Le président algérien sortant Abdelaziz Bouteflika a clôt sa campagne, lundi à Alger, par un nouveau projet d’amnistie générale pour les islamistes, projet qu’il entend soumettre par référendum à la population s'il est réélu.
Entretien avec Kader Abderrahim, chercheur à l'Institut de relations internationales et stratégiques (Iris) à Paris et spécialiste des systèmes politiques du Maghreb.
Que pensez-vous de ce nouveau projet d' amnistie générale pour les islamistes ?
Kader Abderrahim : Bouteflika a parlé de l’amnistie parce qu’elle reste un sujet polémique en Algérie et que la réconciliation nationale constitue un enjeu politique. Il en avait déjà parlé lors de son deuxième mandat. Il a fait le choix de finir sa campagne sur une note de rassemblement. Ses précédentes campagnes étaient également basées sur la question de la paix sociale.
Maintenant, il faut voir ce qu’il propose de nouveau avec cette amnistie. Bouteflika veut absolument que la paix soit adoubée par tous les Algériens, mais la question la plus importante reste celle des disparus*. Il n’a rien dit à ce sujet pendant la campagne électorale. Cette question n’a jamais été évoquée au niveau de l’État.

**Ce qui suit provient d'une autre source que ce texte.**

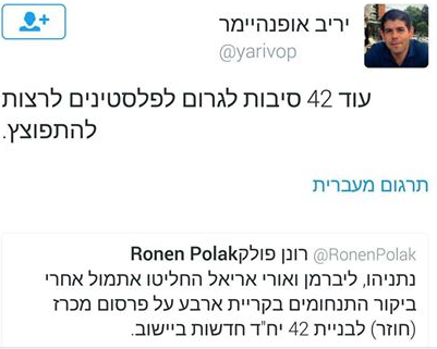 "אני אומרת לכל המנחמים פה, יריב אופנהיימר עכשיו על הקו והוא טוען ש-42 הדירות פה שאושרו יביאו לעוד 42 פיגועים", אמרה אריאל. "אז אני אומרת פה וכל המנחמים שומעים כאן. יריב אופנהיימר, לא ה-42 דירות יביאו לפיגועים, גישות כמוכם תבוסתניות שרוצות לעקור אותנו יגרמו למוות ורצח של עוד ילדה".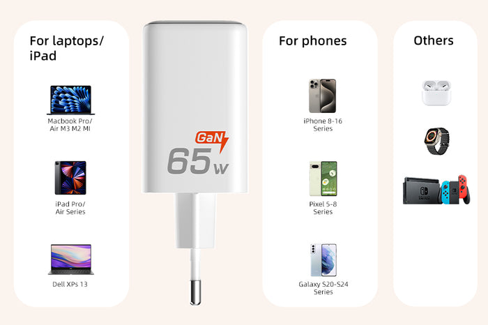 Charge all your devices with a single 65W portable GaN charger. From powerful laptops like MacBook Pro and Dell XPS to tablets, smartphones (iPhone 8–16, Galaxy S20–S24), and accessories like AirPods and Nintendo Switch—this charger handles it all. With PD 3.0 fast charging, it delivers efficient power for every device, simplifying your charging setup.
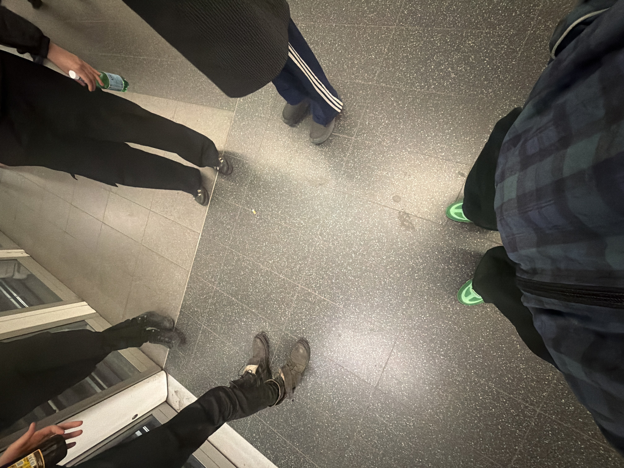 The image presents a high-angle view of the lower bodies of five individuals standing in an indoor public transit station within Paris, France. The flooring consists primarily of dark grey speckled tiles, transitioning to a lighter grey smooth tiled section in the upper-left, adjacent to a white-framed glass automatic door. Artificial overhead lighting illuminates the scene. In the foreground, an individual wears dark trousers, bright green sneakers with a visible white "N" logo, and a blue and green plaid garment draped over their lower torso. To the immediate left, a person in dark trousers and dark brown lace-up boots holds a dark glass bottle with a label in their visible right hand. Further left, near the door frame, a third individual's dark trousers and dark shoes are partially visible. In the upper-right quadrant, a fourth person wears dark trousers, black dress shoes with metallic accents, and holds a clear green glass bottle with a white cap in their right hand. To the left of this individual, the fifth person wears navy blue athletic pants featuring two white stripes along the outer leg and grey athletic shoes. A small, light-colored object, consistent with a discarded cigarette butt, is present on the lighter grey tiled floor. All subjects are depicted in a stationary, standing posture.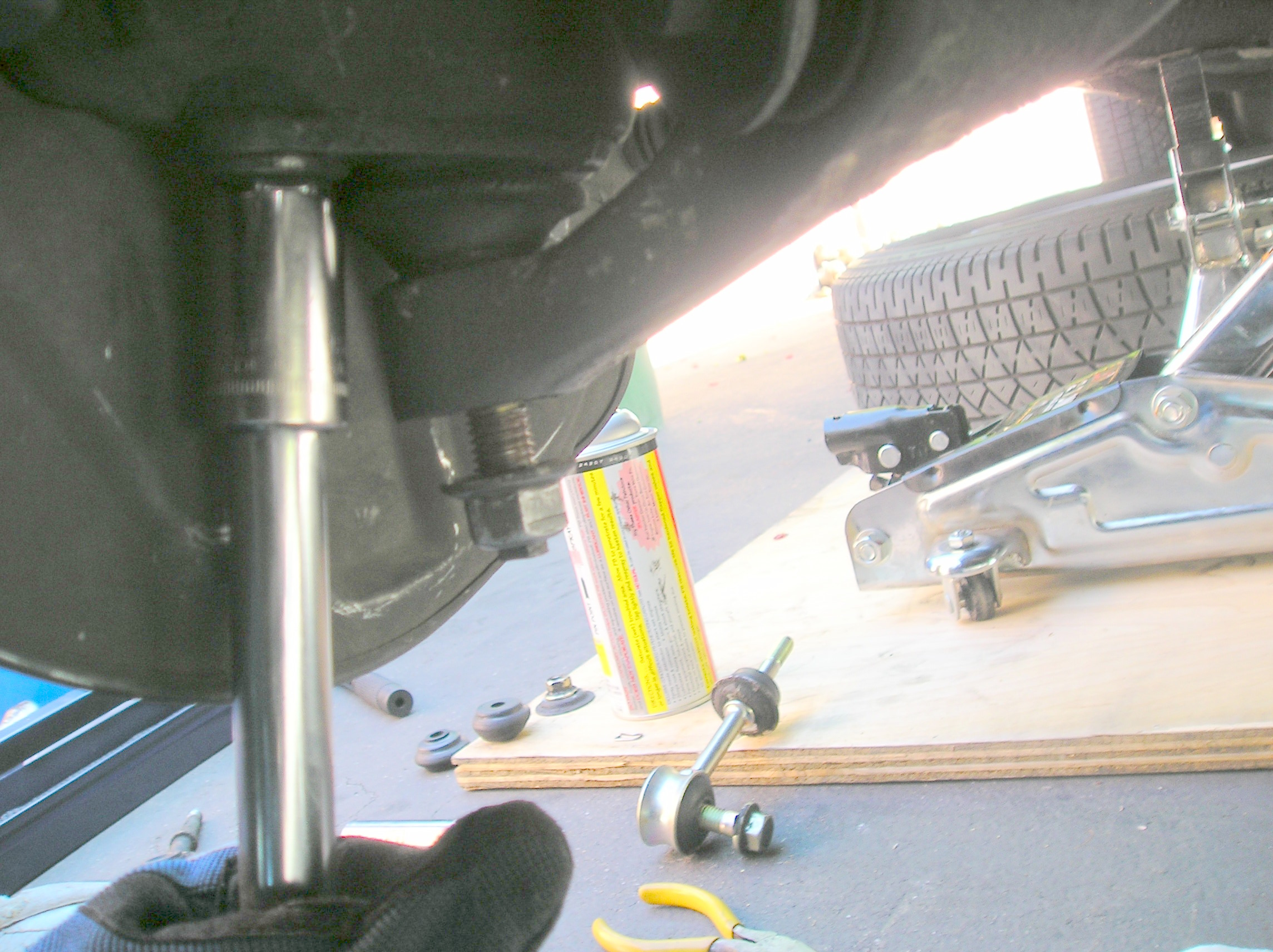 7. Now on to the sway bar end links. There’s more than one way to install them. What worked best for me was to thread the new one into the sway bar, bolt the bottom bolt, add the top bushing and washer, then use the ever useful pry bar to press down on the sway bar enough to get the top nut threaded. Use thread locker. The bottom bolt is torqued to gutantight standards; the top bushings are compressed to approximately 42 mm from washer to washer. Reinstall the wheel to torque specifications.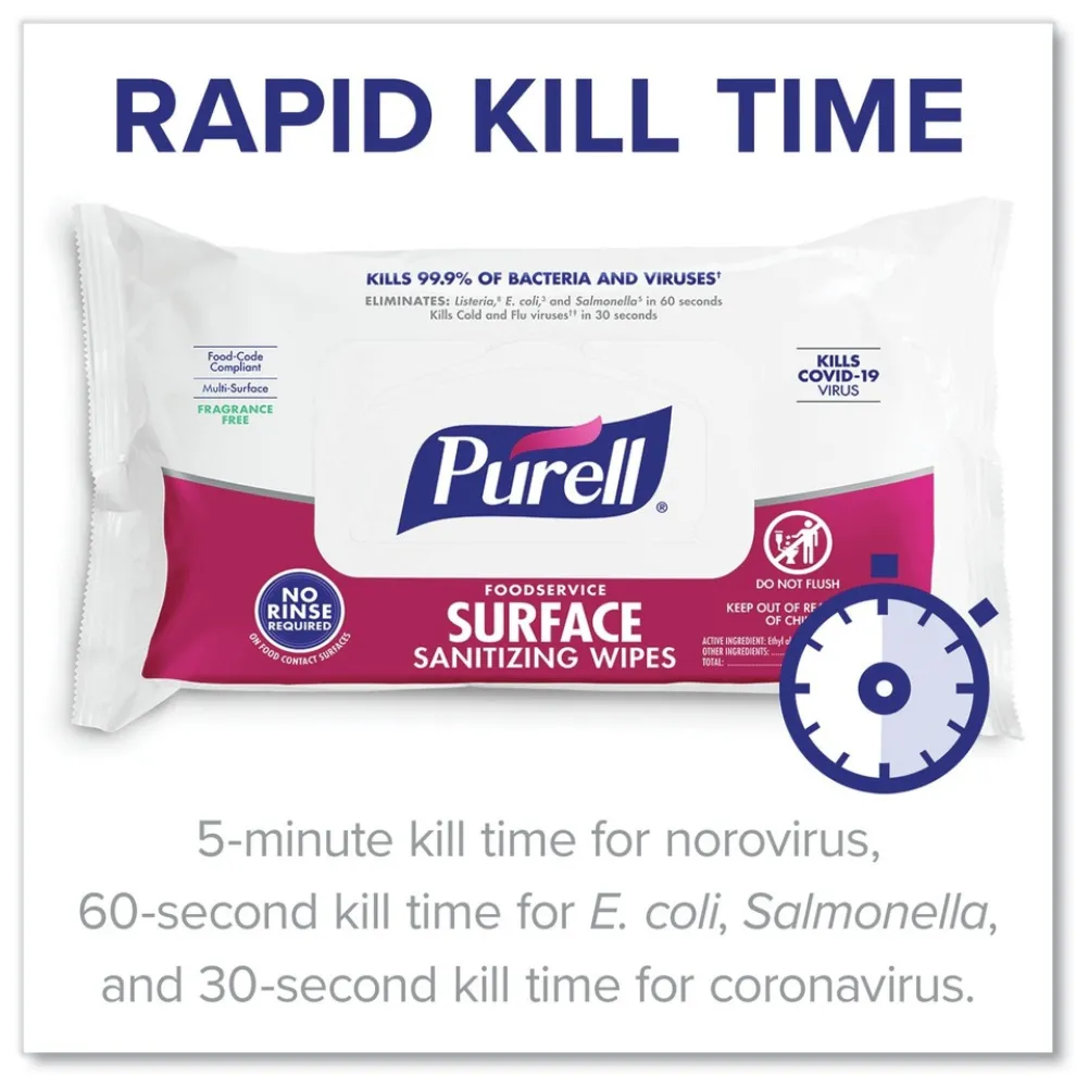Formulated for food-contact surfaces with no rinse required, simplifying the cleaning and sanitizing process to meet foodservice needs. Kills 99.9% of viruses and bacteria. Meets EPA 60-second sanitization. Sanitizes, cleans, and disinfects. Convenient, ready to use wipes require no mixing.
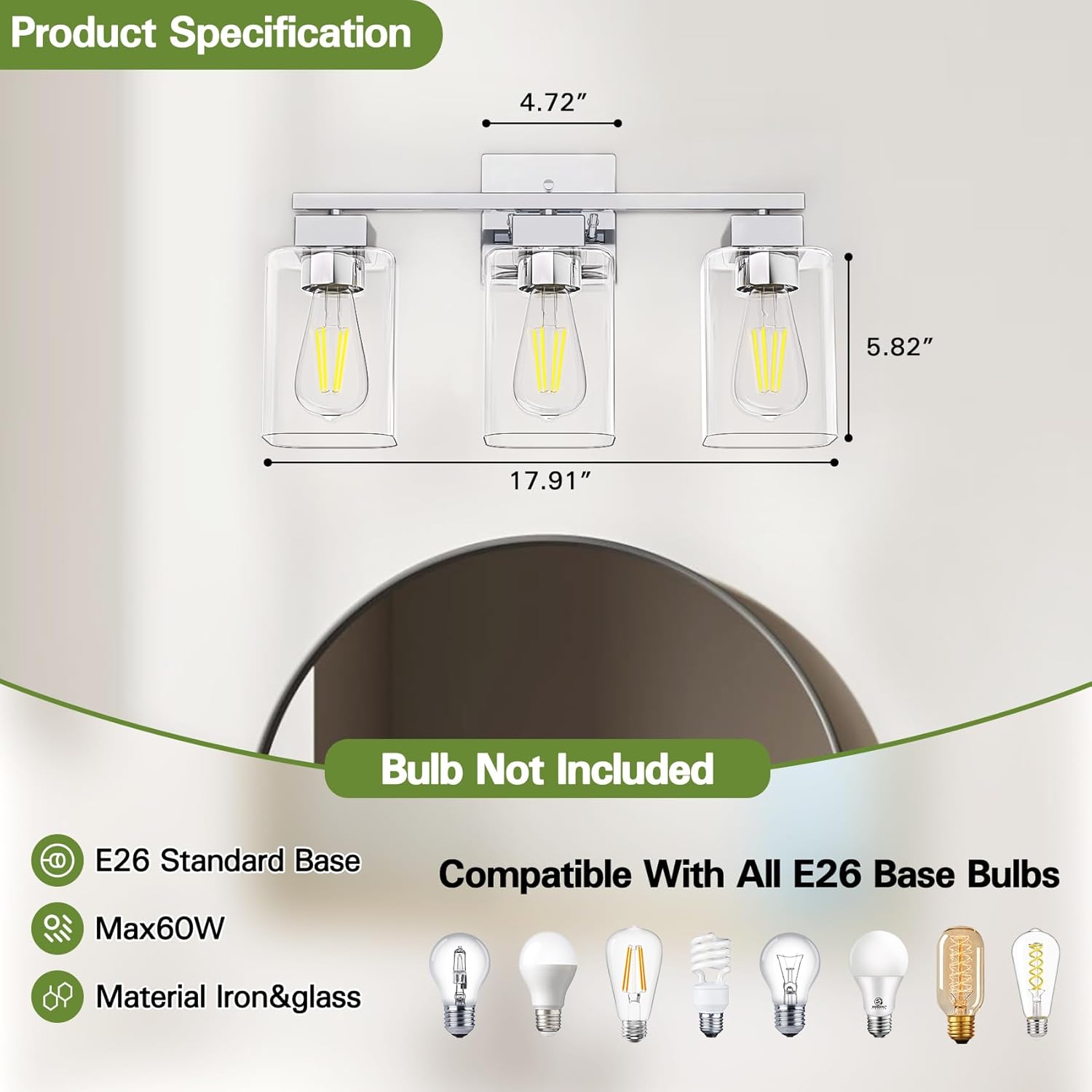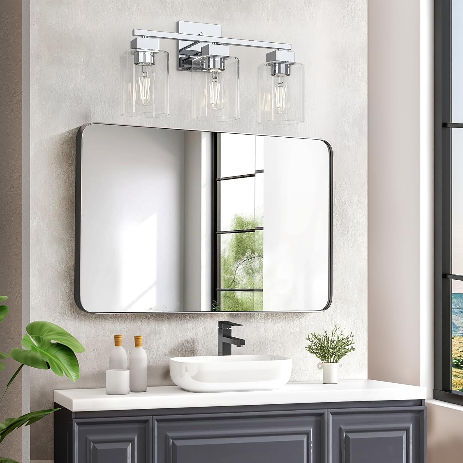 Espird Chrome Bathroom Vanity Light – 3 Light Bathroom Light Fixture Square Design & UL Certification, Bath Room Lighting Fixtures Over Mirror, Modern Vanity Lighting Fixture for Living Room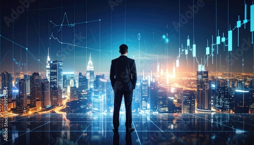 Businessman overlooking illuminated city skyline with overlaid financial data
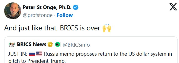 Пока официального выхода мокшанских болот из БРИКС не было, пока речь идет только о возвращению к доллару.

Quels rapports Bouteflika entretient-il avec les islamistes depuis son arrivée au pouvoir ?
K. A. : Depuis vingt ans, les islamistes exercent une influence dans la société algérienne. Bouteflika, ou n’importe quel autre président à sa place, est obligé d'en tenir compte. Il a réussi à diviser les islamistes en accueillant les repentis et il a réussi à former un gouvernement hétéroclite.
Par ailleurs, par le biais de la Charte pour la paix et la réconciliation nationale [qui a succédé à la loi sur la Rahma proposée par le président Liamine Zeroual (1994-1999) ndlr], plusieurs islamistes se sont rendus et ont quitté les maquis où ils étaient retranchés. Le terrorisme n’a cependant pas disparu en Algérie. Cette nouvelle amnistie relève du marketing politique.
Quelle est la position de la population algérienne vis-à-vis des islamistes ?
K. A. : Le Front islamique du salut (FIS) continue d'être présent dans la société algérienne et d'accueillir des sympathisants, bien qu’il ait été dissous en 1992. La question du terrorisme reste très importante dans la société algérienne, mais il faut attendre les résultats de l'élection présidentielle qui arrive. Le décryptage de la carte électorale et du nombre de voix va nous indiquer comment les gens ont voté dans les anciens fiefs du FIS, pour déterminer s’il continue ou pas d'exercer une influence, notamment après l'appel au boycott d'Abassi Madani (co-fondateur et président du FIS, ndlr), depuis son exil au Qatar.
*A la fin des années 1990, l'Algérie sort d'une décennie marquée par un conflit intérieur qui a opposé les forces de sécurité et les milices armées par le gouvernement aux groupes islamistes, faisant des milliers de morts et de disparus.